The government should look at an unemployment insurance scheme and add new benefits to help support people who lose their jobs, the Productivity Commission suggests.
The Productivity Commission said New Zealand lagged behind most other OECD countries when it came to government-funded or mandated support for people made redundant.
A commission report set out what it calls 'promising options' on how to boost income security and, ultimately, lift the country's low productivity and subdued wage growth.
"There is a case to improve income security for displaced workers with income smoothing policies that cushion the financial shock of job loss," the report said.
"Doing so could ... enable those who lose their jobs to take more time to search for a better, high-paying job that is a good match for their skills."
The report said current policies were largely based on job security - to keep people in their jobs - but need instead to focus on income security to increase innovation.
It said means-tested benefits which target low-income households had forced many ineligible people to rely on their partner or their own savings for money if they were made redundant.
Read the report here
Mr Sweet said the job-seeker benefit did not provide enough income support on its own.
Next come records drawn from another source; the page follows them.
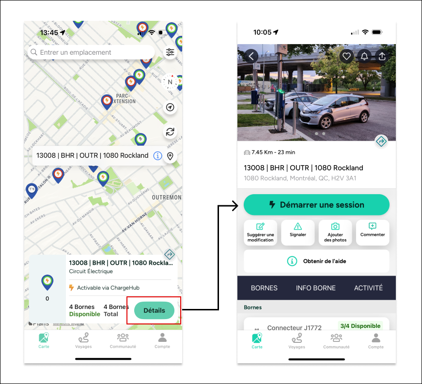 2) Une fois arrivé à une station compatible, ouvrez la page de détails de la station que vous avez
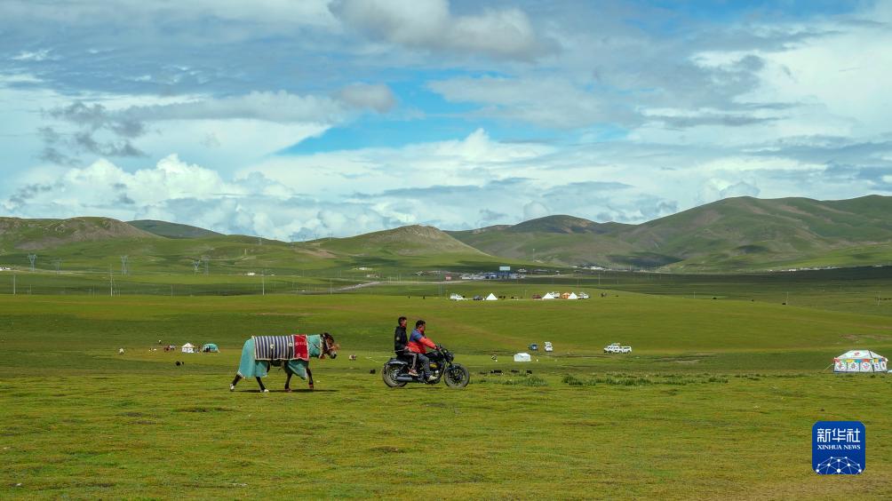 8月11日,馴馬人騎摩托車(chē)在羌塘草原上遛馬。
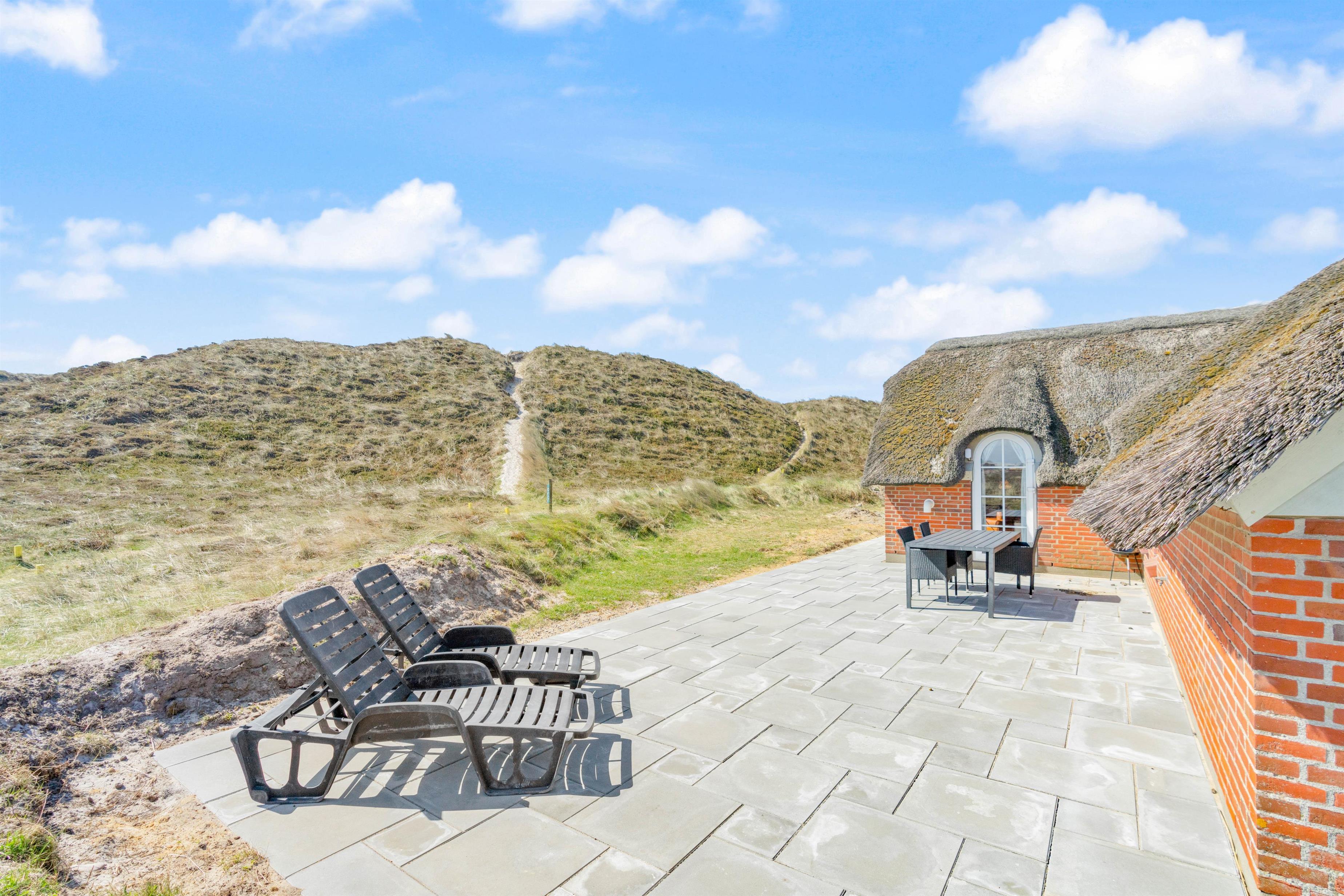 Terrasserne rundt om sommerhuset giver mulighed for at nyde solen, naturen og den friske rene havluft, mens I kan lytte til havets brusen bag klitterne.

"If you lose your job, you'll more or less go straight onto the jobseeker benefit. [That's] if you're eligible - a number of people won't be eligible for the jobseeker benefit, because it's income tested for partners as well as the person applying.
"In most other countries they of course have benefits like that, but in addition they have a mechanism that can last between six months to two years," he said.
"New Zealand and Australia are the only countries in the developed world that do not have some mechanism that provides a higher level of income support."
However, he was not sure if seasonal workers should be given the same level of income support.
"It would just seem unnecessarily costly, and just not especially sensible to provide them insurance for something [redundancy] that they always knew from the outset was going to happen," Mr Sweet said.
The commission raised the idea of creating individual redundancy accounts - where workers contribute to a KiwiSaver-type account and could call on the funds if made redundant.
It proposed exploring mandatory income insurance - which Productivity Commissioner Andrew Sweet said was used in most other countries.
It would be "just like house insurance," he said. "If you're made redundant, the insurance effectively pays you out a certain proportion of your previous income for a pre-determined period of time."
The commission suggested it could work in a similar way to ACC, for which the money is collected from contributions by either the worker, the firm, or both. The amount then paid out if the worker was made redundant would be based on the person's salary prior to being unemployed - with the ACC system, this is set at 80 percent.
Unite union national director Mike Treen said redundancy insurance may be "a useful sort of thing as long as people are able to access it as a right".
He said there should be a benefit system that individualised - in other words, considered benefit eligibility on individual salaries - not as a collective if that person is married.
"The idea that if a person loses their job, they can't access an unemployment benefit because they have a partner, I think it's one of those outdated features that needs to immediately change," he said.
Not only was it difficult to be eligible for, Mr Treen said even if you were eligible it did not provide the receiver with enough money.
"New Zealand's unemployment benefits are extremely low in terms of value. In terms of average wage, I think it's down to 16 percent - it's not possible to live off now.
"[It's] all the torture and difficult of a bureacratic paper-filling process."
Business NZ chief executive Kirk Hope said the current system was challenging for businesses, but international examples showed what couild be done.
"There's quite a bit in the flexecurity model that is run in Denmark," he said, "where the labour market is very flexible.
"But there is a lot of different support mechanisms for displaced workers and a lot of incentives to get them into work once they're out of work."
Mr Hope, who sits on the Tripartite Forum on Future Work alongside Treasury and the Council of Trade Unions, said the report would be important for future policies that came out of the Forum.
"This report, I think will be, an important contribution to some of the thinking that comes out of the forum, so we can get a comprehensive, robust system that supports businesses, workers, and can enable and maintain New Zealand being competitive global market."
The commission suggested the Forum analyse the income support options further. The report is available for public submissions until 7 February.